Blogger joe90 kane said...

Thanks for that about Burke!
I've got his 'Reflections' on the French Revolutuion which I'm looking forward to reading.

I don't think it is entirely coincidence that while supporters of 'Israel's right exist' demand its entirely specious recognition by Palestinians, Israel itself doesn't officially recognise any of its own borders itself, at the current time.

Israel doesn't actually officially exist on any map.

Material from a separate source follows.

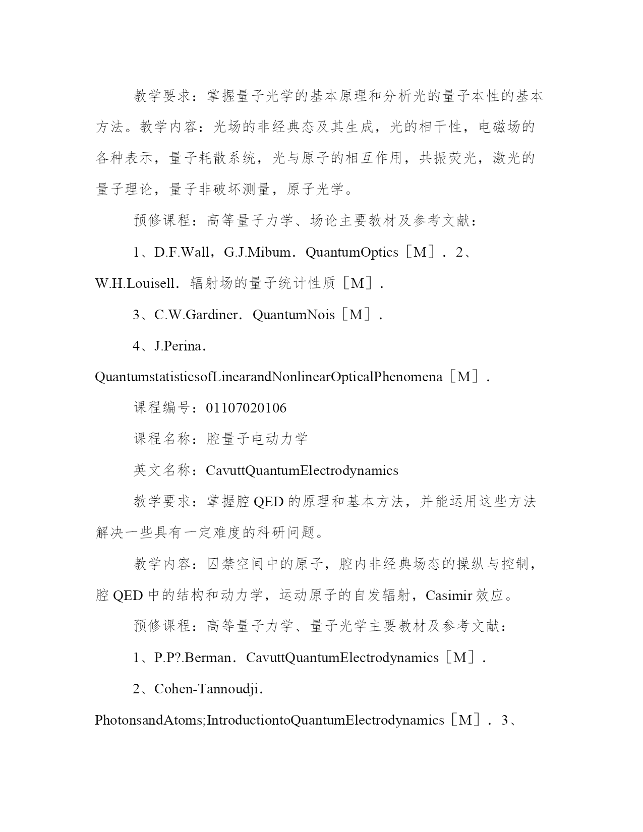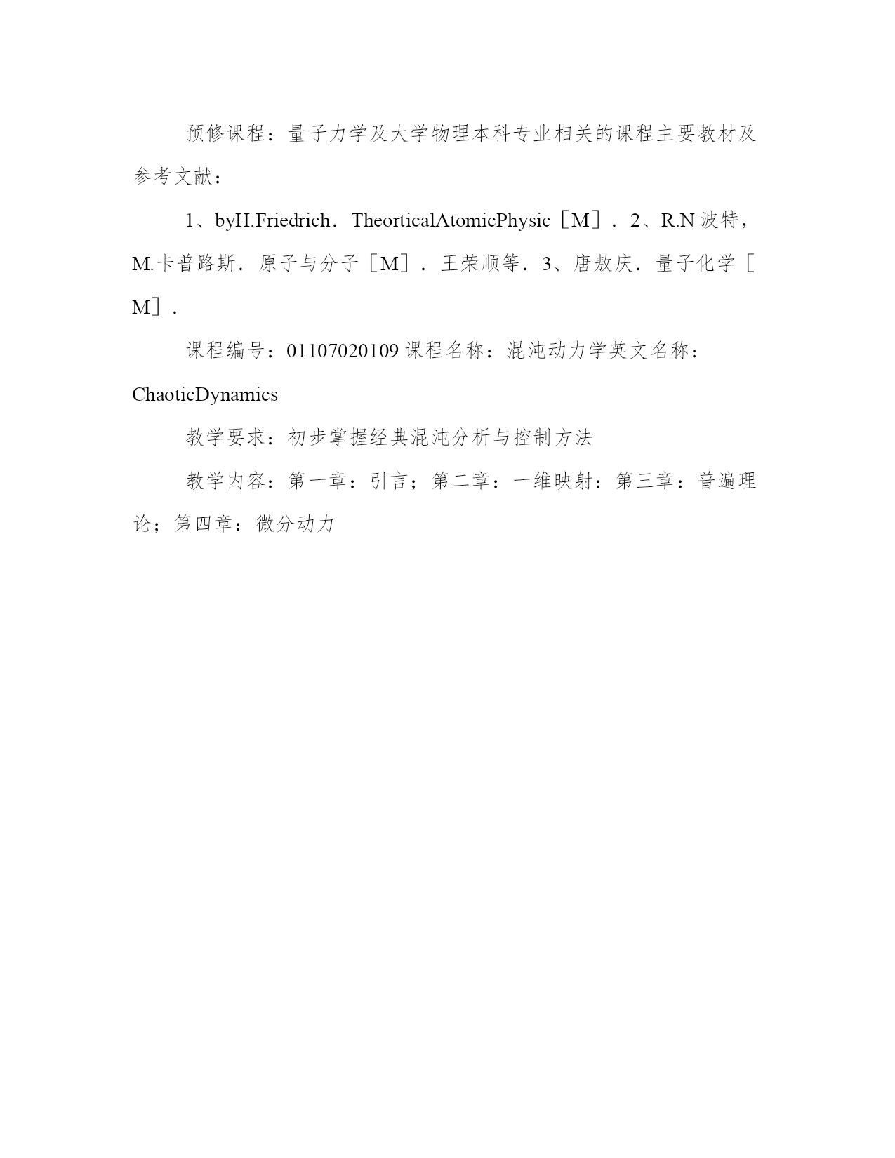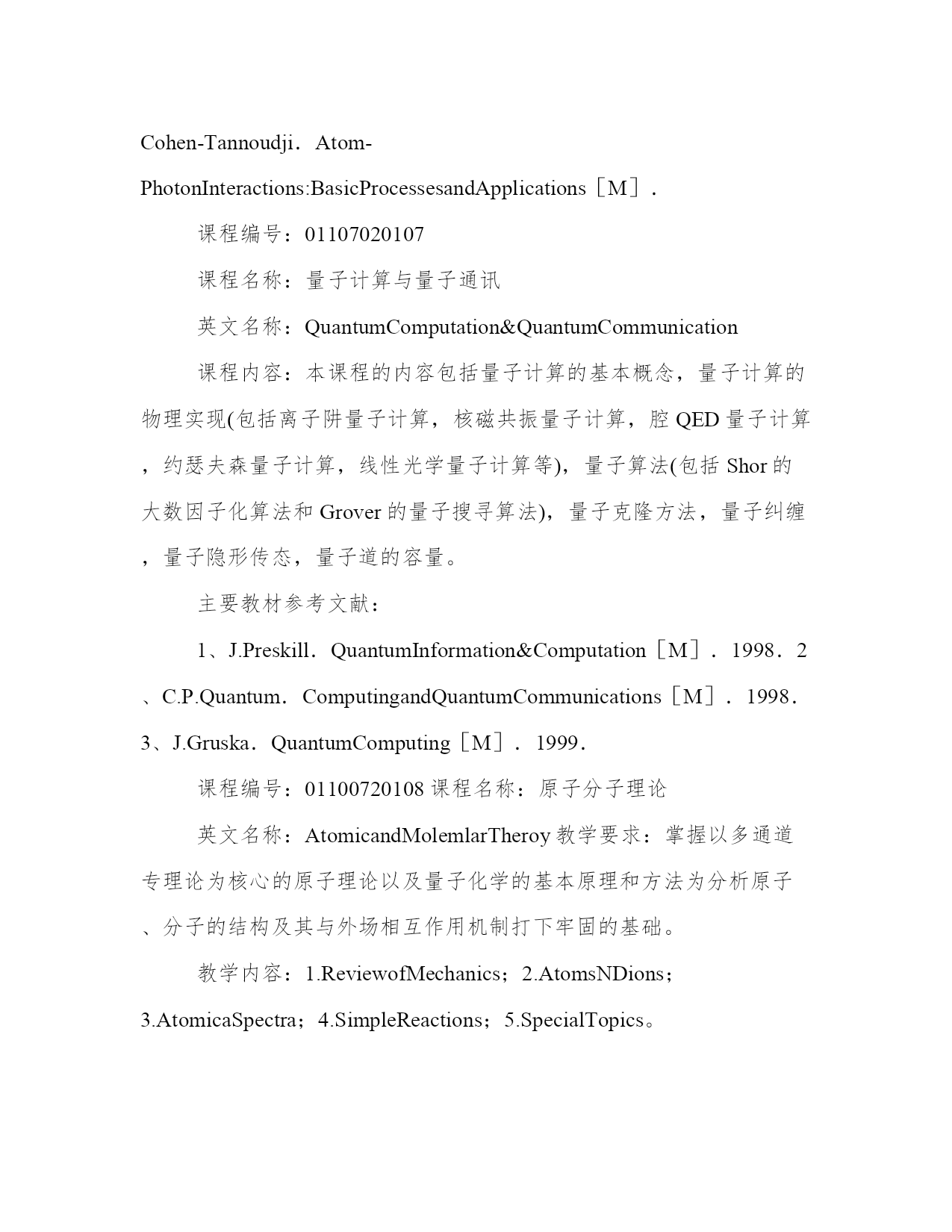 理论物理专硕分析生培养方案培养符合国家建设需要,为祖国和人民服务的,具有良好道德品质和科学素质的,具有集体主义精神,实事求是,追求真理,献身科学教育事业的,具有扎实基础知识和良好科研能力的理论物理专门人才和高等院校师资.获得本专业硕士学位的分析生应掌握理论物理学科坚实、宽厚的基础知识,较全面和深入的专业知识,熟悉本专业分析方向的发展前沿和热点.硕士论文选题时,应对国内外分析现状进行较全面的调研和分析,在此基础上,完成具有创造性的分析成果。熟练掌握一门外语,包括专业阅读和写作,以及能用外语进行简单的学术交流。二、本专业总体概况、优势与特色理论物理是分析物质结构、性质及其相互作用的基本规律的一门基础学科。本学科于1990年获得硕士学位授予权,1996年成为湖南省重点学科,1999年其中的“非线性物理”成为“211工程”重点学科,1995年起招收博士生,2000年获得博士学位授予权。该学科现已形成四个稳定的分析方向。其特色在于抓住当前和未来高技术领域中的关键问题和物理学中的基本问题开展基础分析,把基础分析与高技术问题的探索相结合,在多个学科前沿领域的交叉点寻找突破。三、本专业分析方向及简介本学科分四个方向,方向一:光与物质的的相互作用物理。方向二:原子分子理论。方向三:非线性理论。方向四:引力与相对论天体物理。五、专业课程开设具体要求课程编号:01107020101课程名称:高等量子力学英文名称:AdvancedQuantumMechancs教学内容:第一章:量子态的描述;第二章:量子力学与经典力学的关系;第三章:路径积分;第四章:量子力学中的相位;第五章:二次量子化;第六章:角动量理论;第七章:量子体系的对称性;第八章:时空反演;第九章:散射理论;第十章:相对论量子力学预修课程:大学本科物理专业课程主要教材及参考文献:1、曾谨言.量子力学(卷Ⅱ)[M].2、余寿绵.高等量子力学[M].3、P.Roman,AdvancedQuantumTheory[M].4、J.Bjarkenetal.RelativisticQuantumMechanics[M].课程编号:01107020102课程名称:群论英文名称:GroupTheory教学内容:第一章:群的基本知识10学时,第二章:群的线性表示10学时;第三章:对称群及其表示10学时;第四章:点群及其表示10学时;第五章:连续群和李代数10学时;第六章:转动群的表示论10学时;第七章:Lorentz群的表示论10学时。预修课程:线性代数、量子力学等主要教材及参考文献:1、约什.物理学中的群论基础[M].2、怀邦.典型群及其在物理中的应用[M].3、孙洪洲.群论[M].4、曾高坚.近代物理中的群论方法(讲义).课程名称:01107020103课程名称:量子场论英文名称:QuantumFieldTheory教学要求:量子场论是描写基本粒子等微观客体运动规律及其相互作用的理论,在现代物理学的许多领域内都有十分重要的应用。熟悉量子场论,才能较好地阅读近代物理文献和从事较高层次的科学分析。教学内容:第一章:量子场论的基本原理;第二章:标量场的量子化理论;第三章:电磁场的量子化理论;第四章:旋量场的量子化理论;第五章:量子场的相互作用;第六章:S矩阵与协变的微扰理论;第七章:一些物理过程的初级近似;第八章:重整化理论;第九章:规范场理论概要。预修课程:大学本科水平的理论物理、高等量子力学主要教材及参考文献:1、何宝鹏、熊钰庆.量子场论导论[M].华南理工大学出版社.2、邹国兴.量子场论导论[M].科学出版社.3、L.H.Ryder.QuantumFieldTheory[M].4、曹昌祺.量子规范场论[M].高等教育出版社.课程编号:01107020104课程名称:量子统计英文名称:QuantumStatistics教学要求:掌握量子统计物理学的基本理论和统计物理中的格林函数方法,以及它们在理论物理和凝聚态物理中的应用。教学内容:包括量子统计物理学和格林函数理论两大部分。第一章经典统计系综理论;第二章量子统计系综理论;第三章理想量子气体;第四章非理想气体;第五章相变的平均场理论;第六章相变的重整化辟理论;第七章零温格林函数;第八章重整化方法;第九章有限温度下的格林函数。预修课程:经典热力学与统计物理、量子力学主要教材及参考文献:1、梁希侠.高等统计力学导论[M].内蒙古大学出版社.2、北京大学牧师系量子统计物理学编写组.量子统计物理学[M].北京大学出版社.3、蔡建华等.量子统计中的格林函数理[M].科学出版社.4、统计物理现代教程上、下册[M].L.E.黄田匀等译校[美].北京大学出版社.课程编号:01107020105课程名称:量

Israeli 'borders' are merely military fronts, military areas or areas under military administration.

And which Israel is it that has a right to exist?
- the 'Israel' of the pre-1948 UN Partition Plan
- the post-1948 Israel
- the post-1967 Israel
- the post-1978 Israel when it handed Occupied Egypt back to its rightful owners
- Israel of the Occupied Lebanon, Occupied Golan Heights etc etc

That Israel doesn't exist anywhere, physically, is the real irony here.


The other irony is that Israel is a 'state' unlike any other.

Israel accords rights to people who don't even live in Israel (ie Jewish people anywhere have the right to go and live there) and witholds those same rights from people who actually do (ie Palestinians of any stripe).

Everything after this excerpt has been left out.